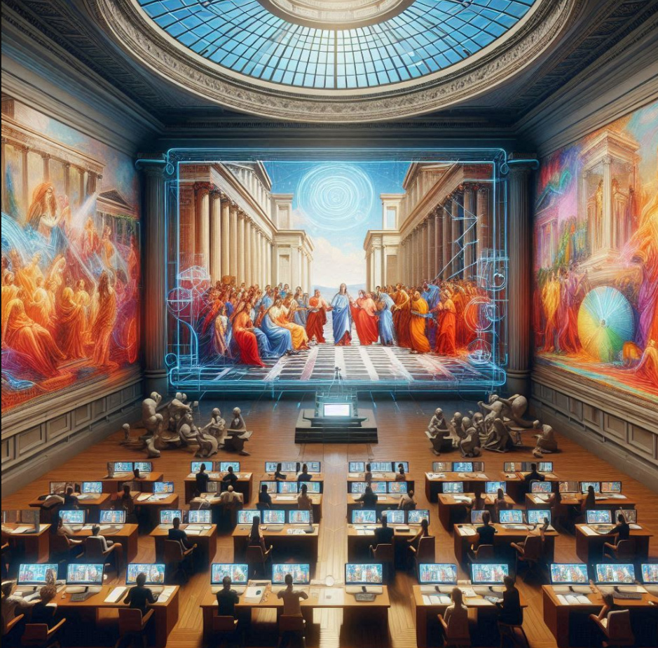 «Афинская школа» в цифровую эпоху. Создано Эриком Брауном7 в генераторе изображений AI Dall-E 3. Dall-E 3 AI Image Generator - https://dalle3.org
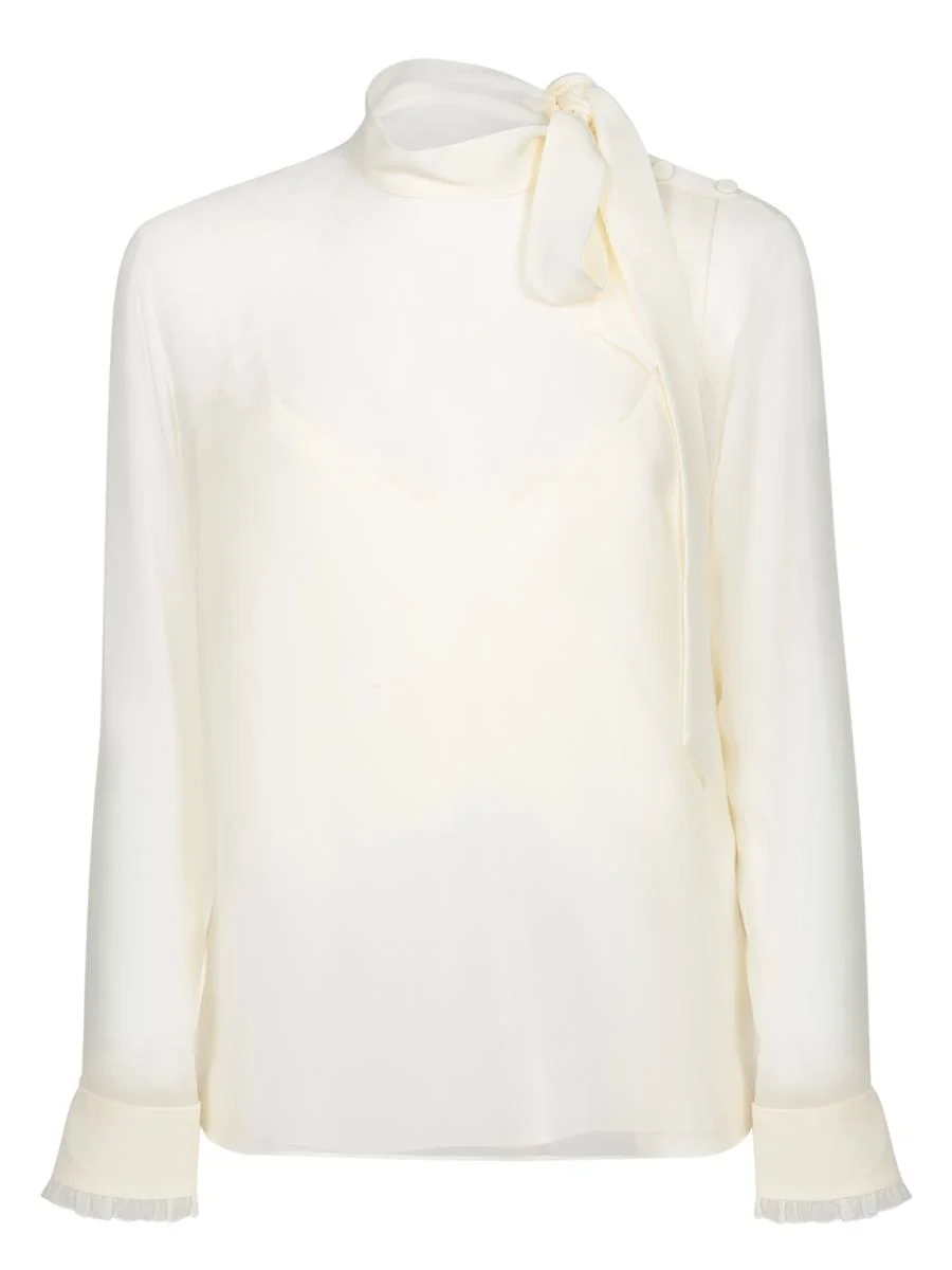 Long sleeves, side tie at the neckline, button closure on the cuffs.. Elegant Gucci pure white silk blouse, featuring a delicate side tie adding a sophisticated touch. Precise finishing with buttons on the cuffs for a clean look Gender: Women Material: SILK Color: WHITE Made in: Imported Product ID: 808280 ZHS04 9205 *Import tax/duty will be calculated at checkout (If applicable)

----

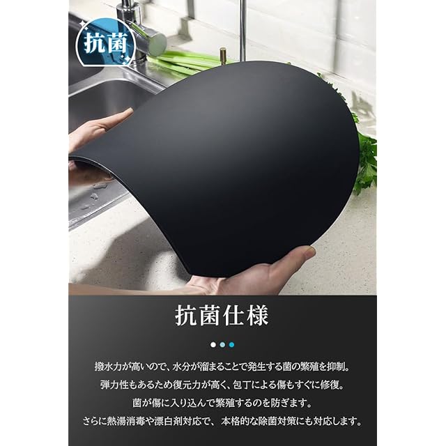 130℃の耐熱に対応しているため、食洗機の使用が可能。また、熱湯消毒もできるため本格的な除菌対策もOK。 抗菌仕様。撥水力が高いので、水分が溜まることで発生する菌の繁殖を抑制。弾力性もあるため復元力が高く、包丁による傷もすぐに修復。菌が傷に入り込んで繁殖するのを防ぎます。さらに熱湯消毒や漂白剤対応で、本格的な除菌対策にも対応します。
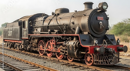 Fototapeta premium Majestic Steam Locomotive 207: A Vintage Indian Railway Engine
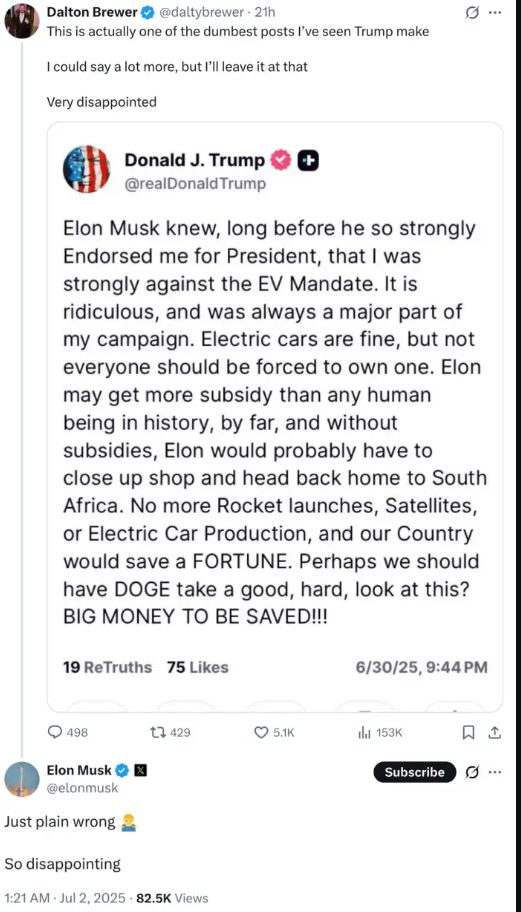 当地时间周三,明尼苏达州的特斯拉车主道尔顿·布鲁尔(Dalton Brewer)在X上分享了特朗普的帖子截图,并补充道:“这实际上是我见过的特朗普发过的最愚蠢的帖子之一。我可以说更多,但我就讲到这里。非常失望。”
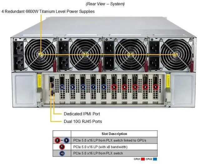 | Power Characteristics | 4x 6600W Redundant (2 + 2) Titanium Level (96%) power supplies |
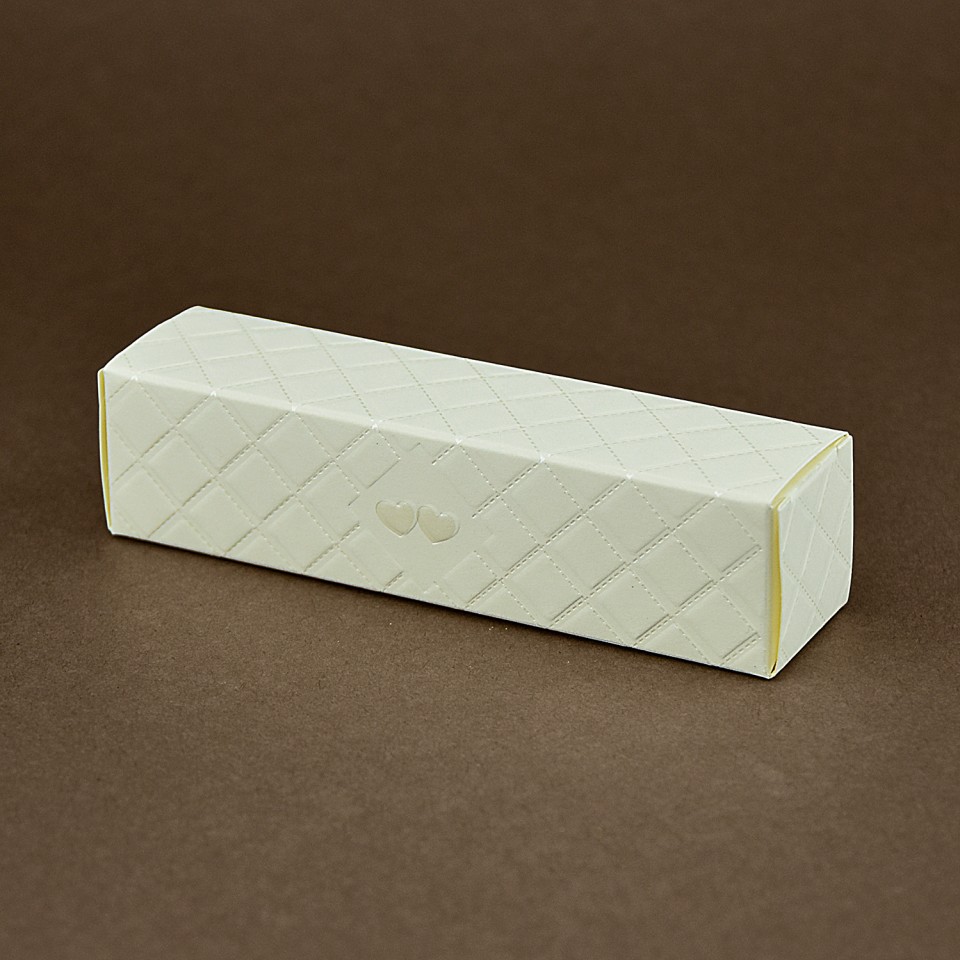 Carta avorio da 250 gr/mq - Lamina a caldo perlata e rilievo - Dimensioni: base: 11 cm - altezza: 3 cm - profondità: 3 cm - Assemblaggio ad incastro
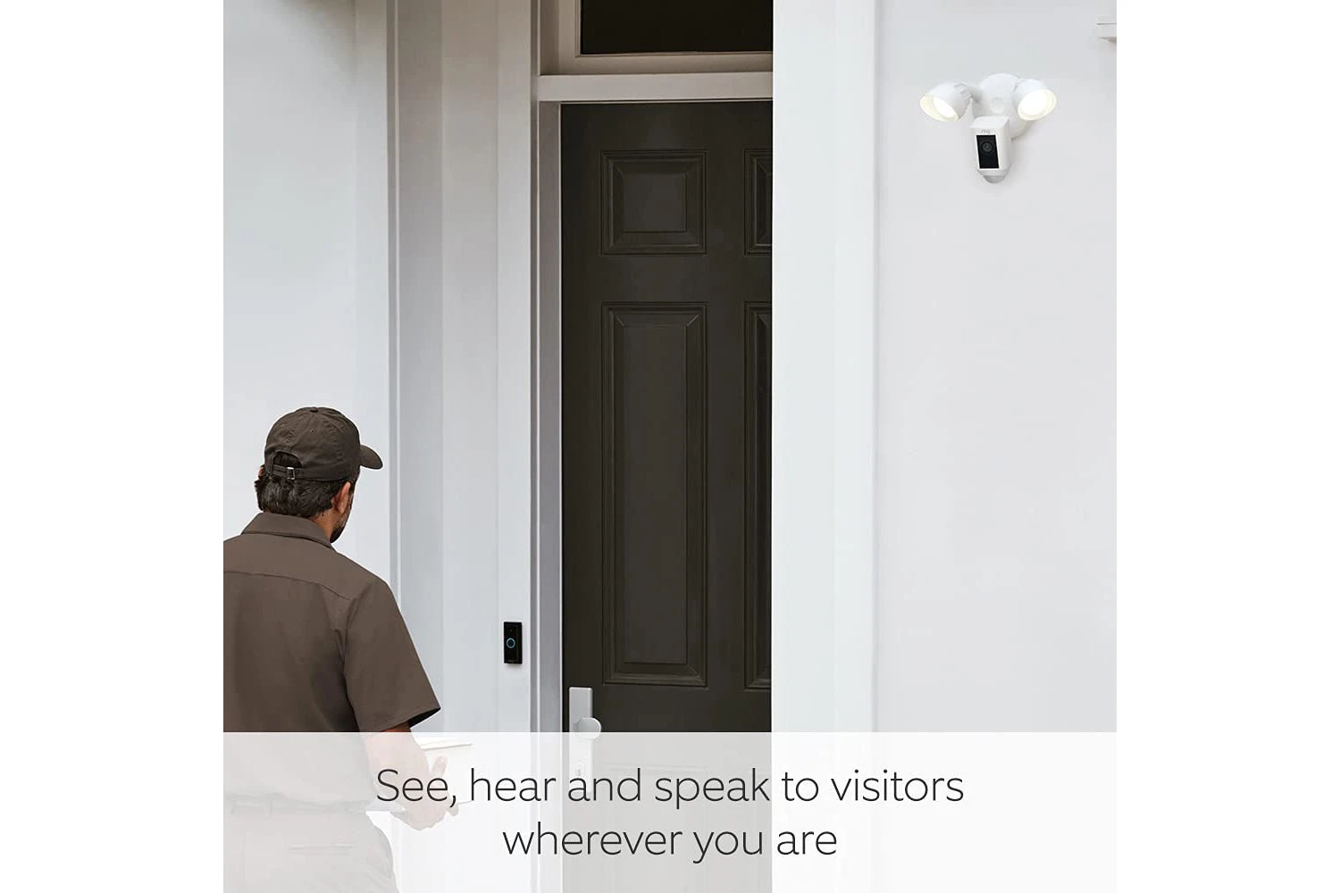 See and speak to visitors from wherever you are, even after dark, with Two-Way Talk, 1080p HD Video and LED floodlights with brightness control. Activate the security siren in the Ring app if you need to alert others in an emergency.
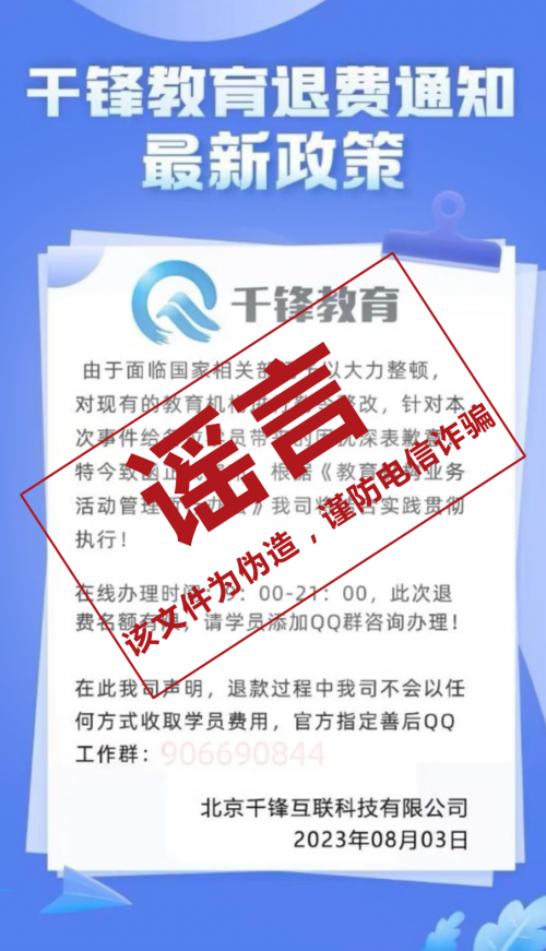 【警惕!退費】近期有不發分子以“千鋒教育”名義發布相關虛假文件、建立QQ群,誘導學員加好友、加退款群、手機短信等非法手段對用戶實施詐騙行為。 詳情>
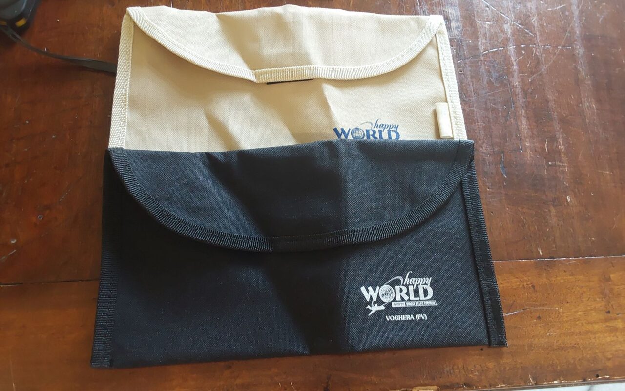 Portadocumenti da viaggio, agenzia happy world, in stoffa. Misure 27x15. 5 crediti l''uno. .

----

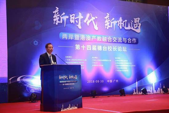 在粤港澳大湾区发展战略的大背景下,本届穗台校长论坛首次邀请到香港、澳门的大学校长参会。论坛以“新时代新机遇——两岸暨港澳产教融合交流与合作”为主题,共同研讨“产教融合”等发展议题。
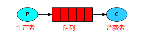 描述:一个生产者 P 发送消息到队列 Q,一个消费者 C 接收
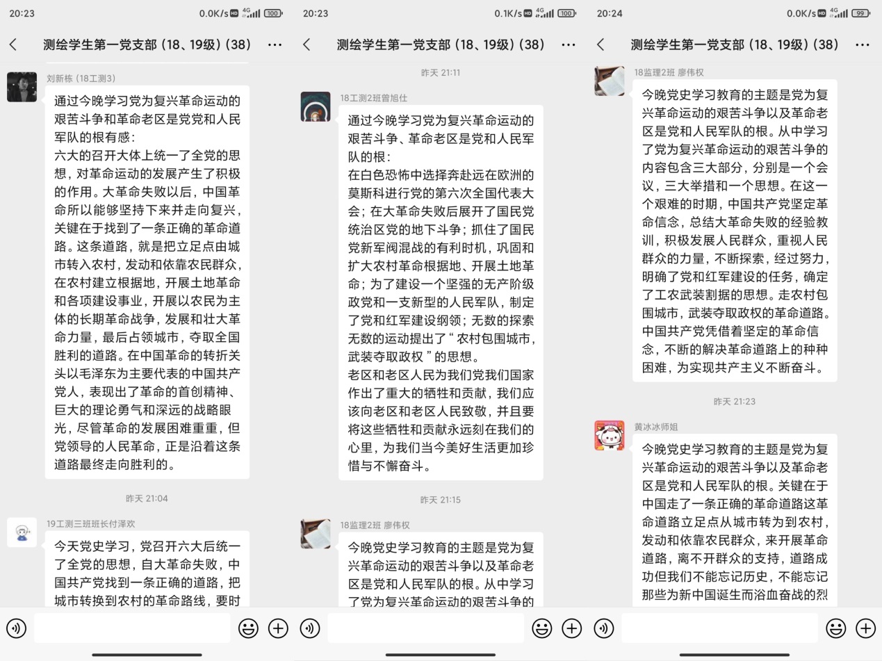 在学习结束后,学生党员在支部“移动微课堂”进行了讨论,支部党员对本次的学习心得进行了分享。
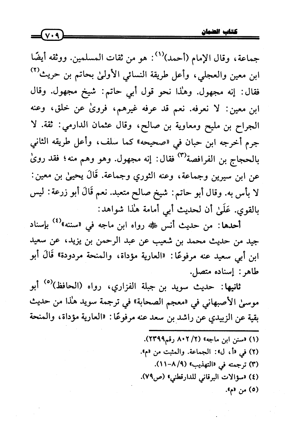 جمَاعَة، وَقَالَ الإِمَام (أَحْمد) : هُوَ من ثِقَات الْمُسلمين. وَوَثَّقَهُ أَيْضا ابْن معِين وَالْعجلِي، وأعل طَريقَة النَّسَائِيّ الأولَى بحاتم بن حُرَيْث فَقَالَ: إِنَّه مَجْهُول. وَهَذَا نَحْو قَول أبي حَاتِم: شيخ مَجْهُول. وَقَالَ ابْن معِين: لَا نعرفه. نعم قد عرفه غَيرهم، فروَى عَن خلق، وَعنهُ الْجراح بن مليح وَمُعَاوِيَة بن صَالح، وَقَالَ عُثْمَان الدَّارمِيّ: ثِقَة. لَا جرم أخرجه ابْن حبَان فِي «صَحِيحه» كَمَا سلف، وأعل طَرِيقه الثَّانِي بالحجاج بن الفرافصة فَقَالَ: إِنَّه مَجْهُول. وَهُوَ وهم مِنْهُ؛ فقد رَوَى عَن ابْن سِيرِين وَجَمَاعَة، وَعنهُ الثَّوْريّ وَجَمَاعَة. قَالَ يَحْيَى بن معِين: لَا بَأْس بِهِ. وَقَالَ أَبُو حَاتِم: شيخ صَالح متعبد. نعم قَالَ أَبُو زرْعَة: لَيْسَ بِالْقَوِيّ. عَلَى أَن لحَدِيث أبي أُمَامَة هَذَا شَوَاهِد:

----

- **TASK STATEMENT**:
Copy out the listing above from the line containing "Fototapeta premium Majestic" to the line containing "Portadocumenti da viaggio, agenzia", both included, exactly as written and minus the images.

- **RESULT FOR THIS TASK**:
 Fototapeta premium Majestic Steam Locomotive 207: A Vintage Indian Railway Engine
 当地时间周三,明尼苏达州的特斯拉车主道尔顿·布鲁尔(Dalton Brewer)在X上分享了特朗普的帖子截图,并补充道:“这实际上是我见过的特朗普发过的最愚蠢的帖子之一。我可以说更多,但我就讲到这里。非常失望。”
 | Power Characteristics | 4x 6600W Redundant (2 + 2) Titanium Level (96%) power supplies |
 Carta avorio da 250 gr/mq - Lamina a caldo perlata e rilievo - Dimensioni: base: 11 cm - altezza: 3 cm - profondità: 3 cm - Assemblaggio ad incastro
 See and speak to visitors from wherever you are, even after dark, with Two-Way Talk, 1080p HD Video and LED floodlights with brightness control. Activate the security siren in the Ring app if you need to alert others in an emergency.
 【警惕!退費】近期有不發分子以“千鋒教育”名義發布相關虛假文件、建立QQ群,誘導學員加好友、加退款群、手機短信等非法手段對用戶實施詐騙行為。 詳情>
 Portadocumenti da viaggio, agenzia happy world, in stoffa. Misure 27x15. 5 crediti l''uno. .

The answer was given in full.